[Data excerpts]
□ □ □ □ □
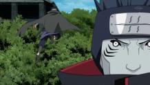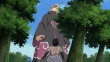 Upon encountering one another, Sasuke and Deidara engage in battle. After exchanging a few blows to test Sasuke’s strength, Deidara conjures up his specialty clay dragon and wages long-range attacks against Sasuke from high above. With Tobi’s backup support, the battle seems to be going to Deidara.
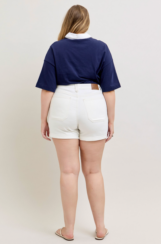 JUDY BLUE WEEKENDER SHORTS in WHITE
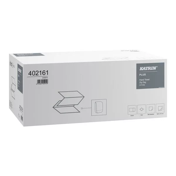 Katrin Plus Zig Zag ''S200'' V hajtogatott kéztörlő (Zig Zag, V hajtott), 1 rétegű, hófehér, 100% cellulóz, 21,3x22,9 cm, 200 lapos, 20 csomag/doboz
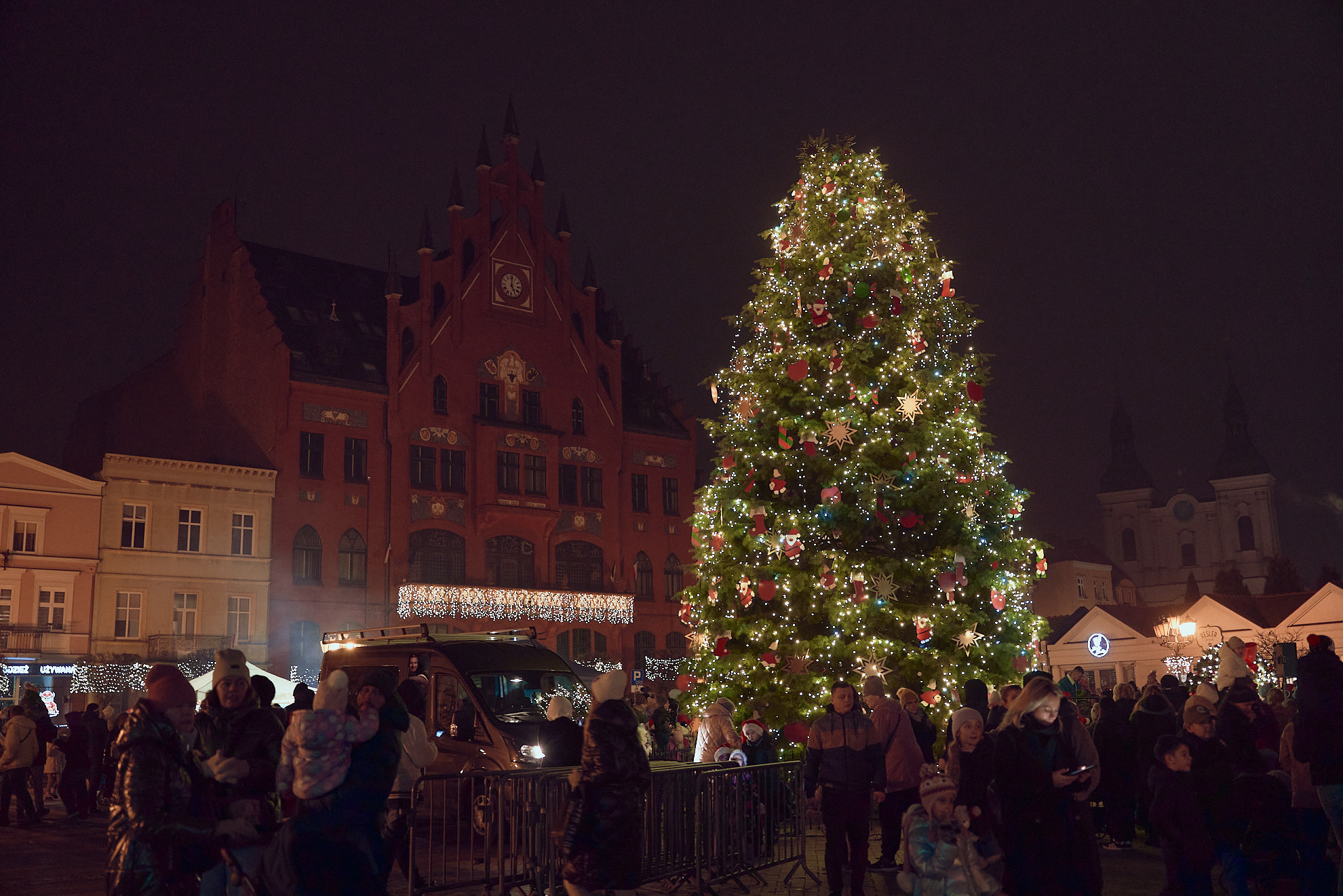 W tym roku choinkę na chojnicki rynek podarowali mieszkańcy ulicy 18. Pułku Ułanów. To 13-metrowa jodła jednobarwna. Drzewo ustroili pracownicy i uczestnicy Warsztatu Terapii Zajęciowej.
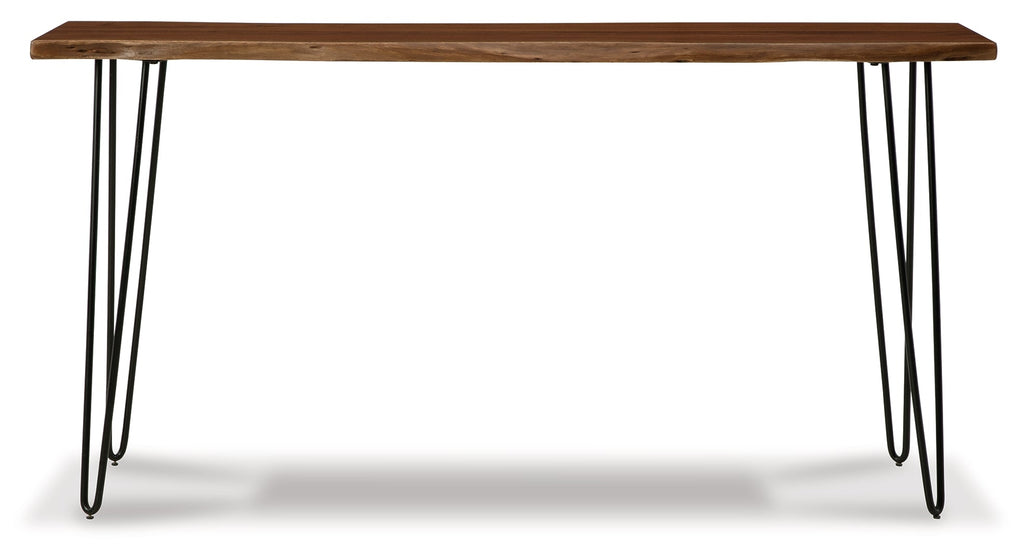 This stunningly simple solid mango wood dining table works effortlessly with contemporary decor. This narrow counter height table is perfect for smaller dining spaces. Or for added function, place it behind a sofa or sectional to make the most of your family room. The tabletop's gorgeous, natural-looking color contrasts nicely with the matte black metal legs, providing an instant upgrade to your space.
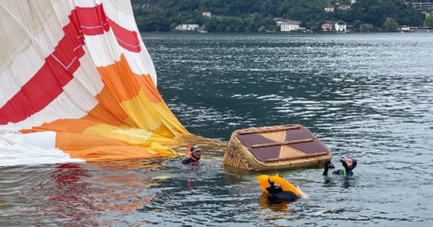 …Ma non sarà un incidente di volo. Si tratta di un’esercitazione condotta dal Gruppo Aerostatico in collaborazione con i Pompieri di Lugano e la Società Svizzera di Salvataggio
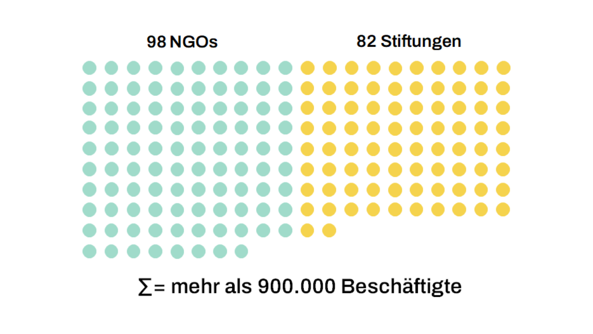 Während der erste FAIR SHARE Monitor 2020 rund 80 zivilgesellschaftliche Organisationen in den Blick nahm, ist die Erhebung mittlerweile auf 180 Nichtregierungsorganisationen (NGOs) und Stiftungen angewachsen, die zusammengenommen mehr als 900.000 Menschen beschäftigen.
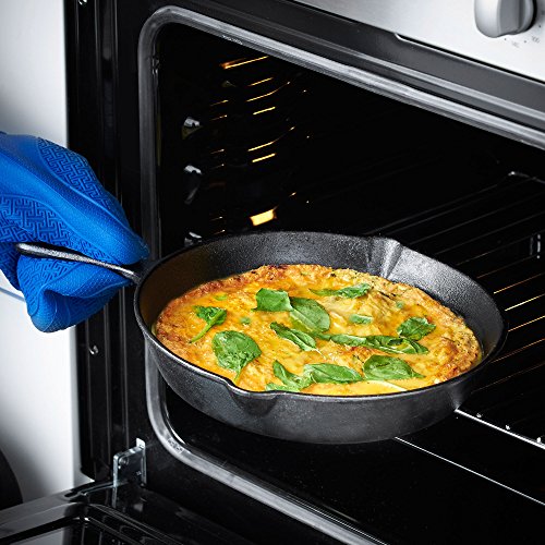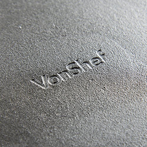 Made from pre-seasoned cast iron, the VonShef skillet pan is non-stick. The seasoning process involves baking vegetable oil on to the surface at a high temperature, creating a naturally non-stick surface, without the need for a chemical coating.
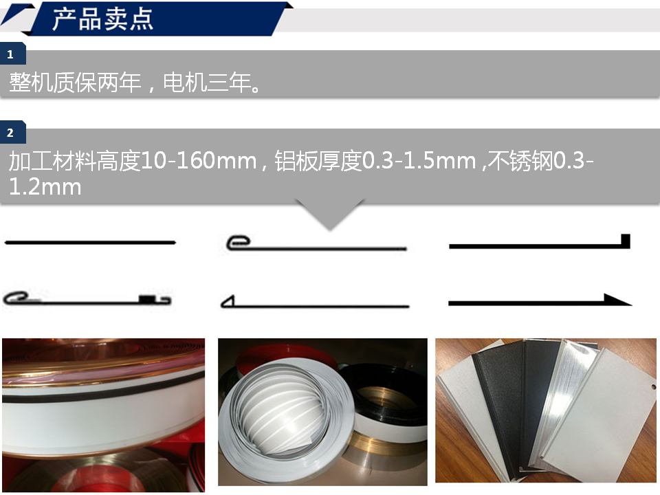 一:整機(jī)特點(diǎn)1、整機(jī)質(zhì)保兩年,電機(jī)三年。(不包括皮帶,不銹鋼切割到頭,感應(yīng)開關(guān)和繼電器)2、加工材料高度10-160mm , 鋁板厚度0.3-1.5mm ,不銹鋼0.3-1.2mm3.機(jī)器內(nèi)部的加...
□ □ □ □ □
YOUR TASK> Starting at the first line of the records and stopping after the line with "W tym roku choinkę", copy each line exactly; pictures stay out.

RESPONSE AREA>
 Upon encountering one another, Sasuke and Deidara engage in battle. After exchanging a few blows to test Sasuke’s strength, Deidara conjures up his specialty clay dragon and wages long-range attacks against Sasuke from high above. With Tobi’s backup support, the battle seems to be going to Deidara.
 JUDY BLUE WEEKENDER SHORTS in WHITE
 Katrin Plus Zig Zag ''S200'' V hajtogatott kéztörlő (Zig Zag, V hajtott), 1 rétegű, hófehér, 100% cellulóz, 21,3x22,9 cm, 200 lapos, 20 csomag/doboz
 W tym roku choinkę na chojnicki rynek podarowali mieszkańcy ulicy 18. Pułku Ułanów. To 13-metrowa jodła jednobarwna. Drzewo ustroili pracownicy i uczestnicy Warsztatu Terapii Zajęciowej.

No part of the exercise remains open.